Unlike most conventions, this one seemed to be all about what topics don't actually exist. Stuff like gravity, apparently! One speaker confidently claimed that he had disproved planetary motion and a few centuries' worth of science just by tracking the moon in his back garden with a phone app and a camera. According to him, the only reason we all stick to the Earth is natural electromagnetism, furthering the fringe Flat Earth theory that the world is actually a massive fridge door.

If you're wondering which parts of this article are the jokes, the answer is: Yes.

What else doesn't exist? Australia. That's right, readers from Australia -- or should we say, paid actors -- your country is simply a clever cover-up for a mass criminal genocide in Victorian Britain. And all those sheeple who think they spent their year after college there, they've been duped. Pilots just fly around in circles for a couple of hours and then take you to South America, landing on a set with actors pretending it's a fictional Oceania continent. Or as we like to call it, doing a reverse Peter Jackson.

In fact, current flat earthers are so set on disproving their entire reality that they even turn on their own traditional theories. Gone are the old, silly days of believing such nonsense like the Earth resting on the back of a giant turtle. The new "plausible" model is that our diamond-shaped world is simply firmly affixed to a set of pillars. Space pillars. Much more sensible.

The pillars themselves are still on turtles, obviously.
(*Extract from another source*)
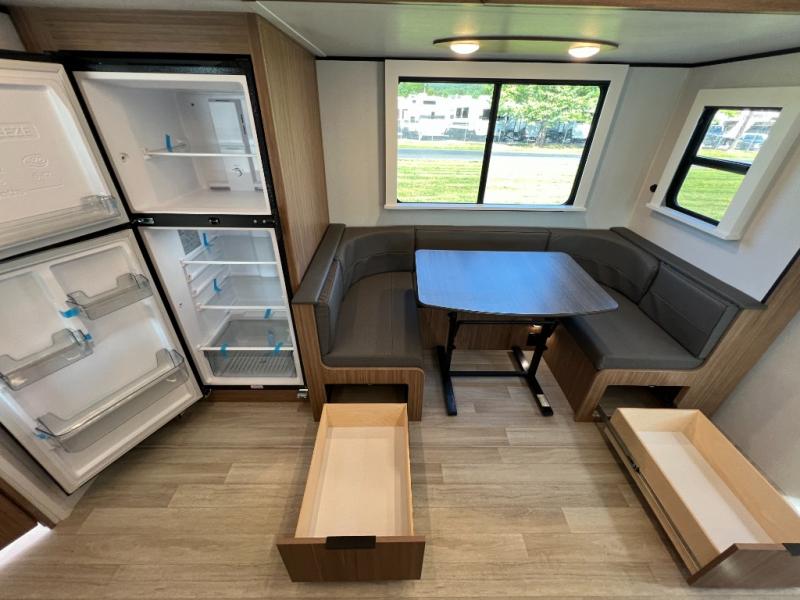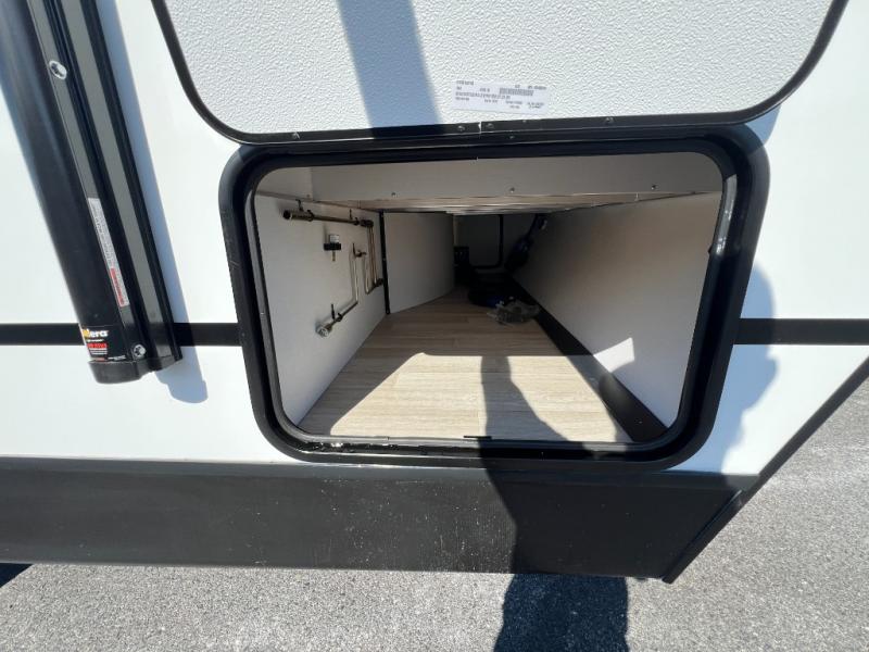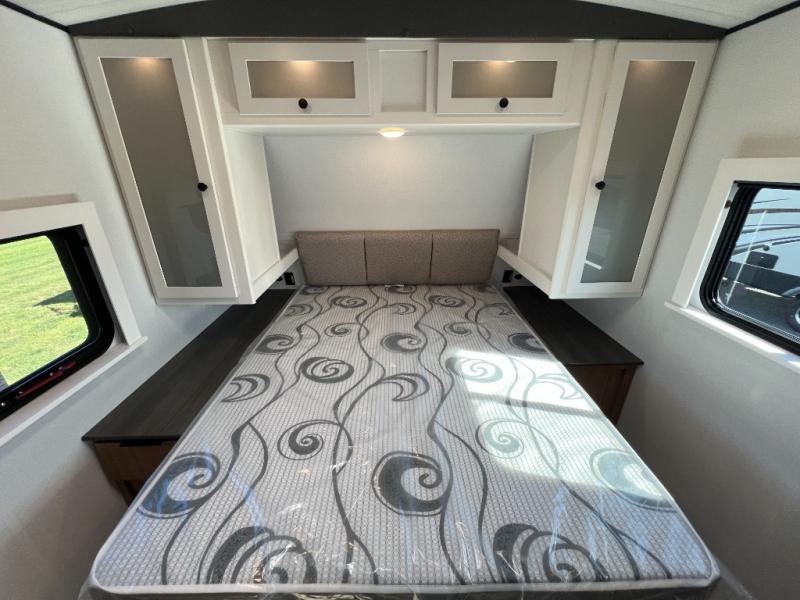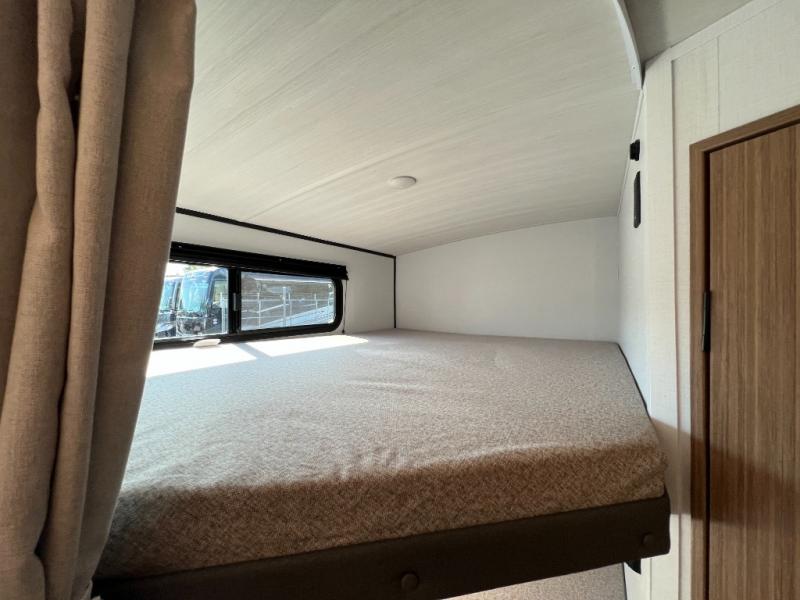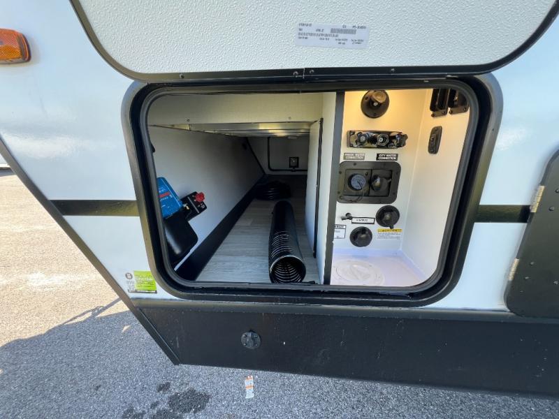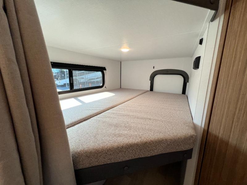 Trips to the lake with a larger group are made easy in this spacious travel trailer! The double-size bunks include a flip-up bunk for added storage, and there is a rear cargo door here so you can easily load gear from outside. The full bath is conveniently located right by the bunks for easy nighttime use, and the pantry is also close by if anyone needs a midnight snack! You will sleep like a baby in the front bedroom that includes a queen bed and dual wardrobes to keep your clothes tidy. In the morning, everyone can meet in the combined living area and kitchen while the chef makes breakfast on the three burner cooktop, and there is a U-shaped do-more dinette table to dine at. If the weather is nice, the chef just may want to cook on the outside kitchen with a griddle, and everyone can sit at the picnic table under the 15' awning!

Even the old fear of being able to fall off this flat Earth of ours have now been roundly debunked through a simple yet revolutionary bit of nonsense called the "Pac-Man effect." See, you can't fall off the edges of the Earth because spacetime instead warps you back to the other side, like Pac-Man hitting an open end of the maze. And if they think Pac-Man proves anything, their minds are going blown when they discover parallax scrolling in a couple of years.

But if the conference proved one thing (which is one thing more than most of these manage), it's that the Flat Earth movement won't be going away any time soon. Organizers rightly pointed to their movement getting more popular with each day, citing "mistrust of governments" as one of the main reasons their super mega dumb beliefs now span all of the Earth's very sharp corners. And if hating governments is really what draws people to them, we look forward to half the world's population attending the Flat Earth convention in 2020 to discuss the possibility of the Earth resting on the back of Donkey Kong.